Searching for a farm, searching for a future

If we were without a care, our parents were not. Seven years go by quickly when you have no prospects at their end. From 1950 onwards our next farm became the most frequent topic of dinner table conversation.

It seemed that for Dad farming was very rewarding those days, milk, grain, straw and beets were all at a good price and there was money saved every year. The quarterly rent of our farm, some 55 hectares, was modest, in part due to the special circumstances of an authority renting out farms while their owners were incarcerated. Mind you, we lived sober lives, we never went on holiday, had no luxuries at home, no refrigerator, no television, no car till 1951, no running water but instead a hand pump to a rainwater reservoir. But Dad had three sons and he thought we needed a good farm so the boys could become farmers in due course.

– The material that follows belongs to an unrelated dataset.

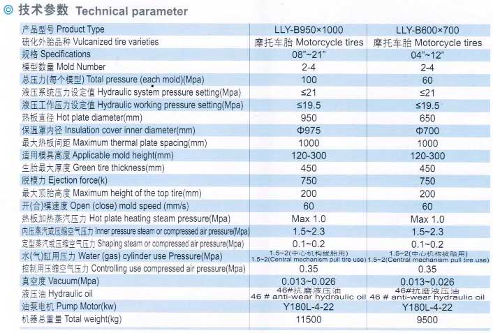 該硫化機是一種液壓傳動和鎖模的雙模外胎自動定型硫化機, 主要用于輪胎工廠硫化各種摩托車輪胎、扁平車輪胎、部分規格沙灘車輪胎及工業用輪胎的硫化。
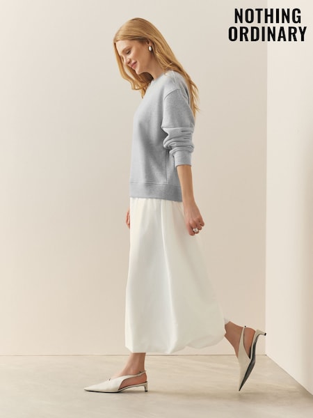 Nothing Ordinary Grey/White 2-in-1 Sweatshirt With Cotton Bubble Hem Skirt

Now in the early fifties the mood in Western Europe was somber, the Communists seemed aggressive, were all the time testing atomic bombs, their mushroom clouds throwing long long shadows. The economies were not flourishing and people’s expectations were depressed. The notion of a European Community was only vaguely aspired to, we were still many years from the Treaty of Rome. During the liberation, America, Canada, Australia had become beacons of freedom and opportunity. So simple but enterprising people in several countries started to think of emigrating to one of these countries. Around 1948 it began with a trickle that by 1952 was a flood. Recent emigrants sent back enthusiastic stories about jobs, more space, plenty of farmland, less bureaucracy, warm summers. They sent pictures of their huge cars and pickup trucks, their clapboard homes, their wooden churches. Of course they did not in their letters complain about the heat and the cold, the mosquitoes and black flies, the poison ivy and the lack of social security, the howling snowstorms and the crop failures, the loneliness and the experience of being at the bottom of the social ladder. That was something each immigrant had to experience for her- or himself and most did …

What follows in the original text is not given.